Exercise goal>
Lines from the beginning of the material below through the line that has "Mod 2 should" are to be reproduced exactly, but pictures are not.

Data below START

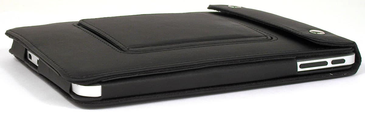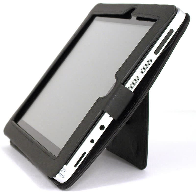 Откидывающаяся крышка, прикрывающая экран, фиксируется невидимыми магнитами. Таким образом, можно не опасаться, что она произвольно откроется под своим весом — для её открытия требуется приложить пусть малое, но усилие. Крышка эта прикреплена к чехлу двумя кнопками — при необходимости её можно легко отстегнуть. «Нашлёпка» с обратной стороны чехла, напоминающая кармашек, — это откидывающаяся подпружиненная ножка-подставка. Благодаря ей планшет, облачённый в чехол, можно разместить на ровной поверхности под углом, удобным для чтения или просмотра видео.
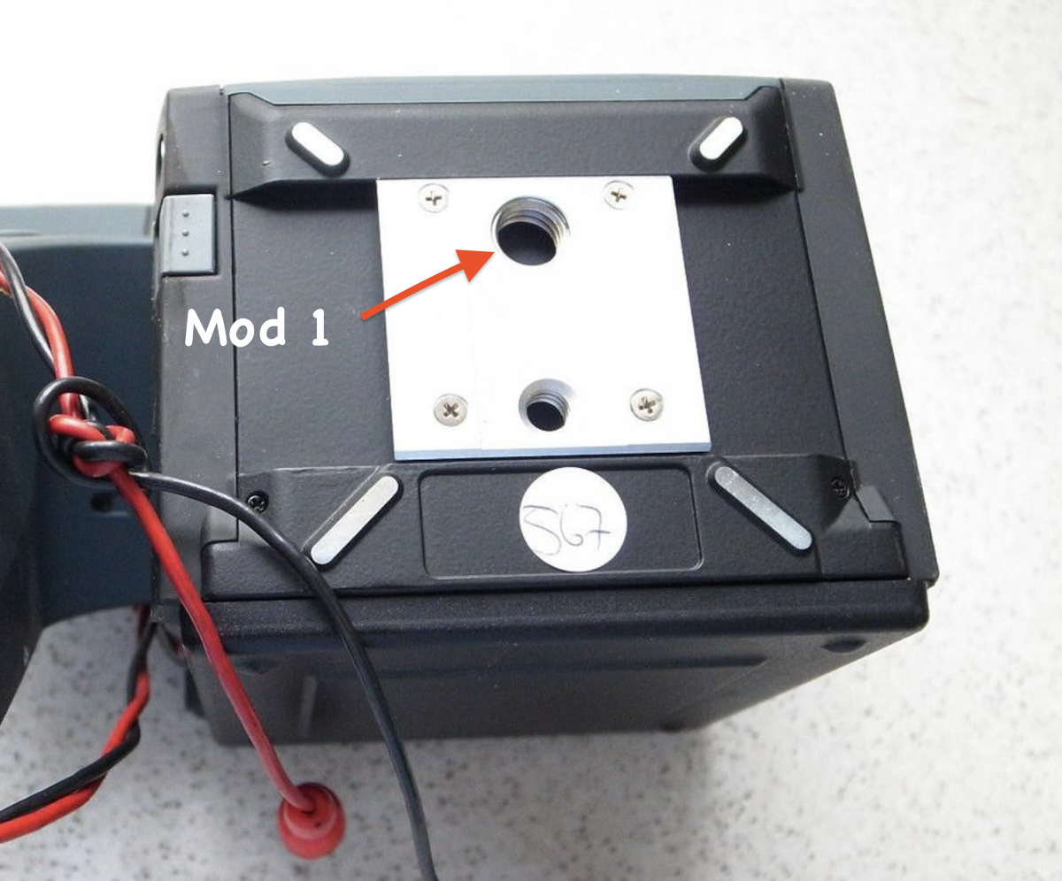 Mod 2 should have a thicker plate, not drilled all the way through, to protect the camera from a long tripod screw.
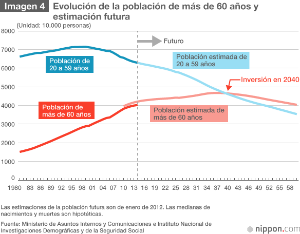 En los tiempos venideros la población anciana dejará de expandirse y las generaciones trabajadoras irán decreciendo de forma acelerada (imagen 4). Algunos expertos afirman que la solución es aumentar la población inmigrante. Sin embargo, solo en el quinquenio de 2015 a 2020 la población japonesa ya perderá 400.000 – 600.000 personas al año, y compensar esa pérdida con población inmigrante resulta técnicamente imposible. Por otro lado, sería una barbaridad pedir a la población mayor, inquieta por su porvenir, que gastase sus ahorros para impulsar el consumo y contribuir al futuro de la economía japonesa.

Data below END

Written solution>
 Откидывающаяся крышка, прикрывающая экран, фиксируется невидимыми магнитами. Таким образом, можно не опасаться, что она произвольно откроется под своим весом — для её открытия требуется приложить пусть малое, но усилие. Крышка эта прикреплена к чехлу двумя кнопками — при необходимости её можно легко отстегнуть. «Нашлёпка» с обратной стороны чехла, напоминающая кармашек, — это откидывающаяся подпружиненная ножка-подставка. Благодаря ей планшет, облачённый в чехол, можно разместить на ровной поверхности под углом, удобным для чтения или просмотра видео.
 Mod 2 should have a thicker plate, not drilled all the way through, to protect the camera from a long tripod screw.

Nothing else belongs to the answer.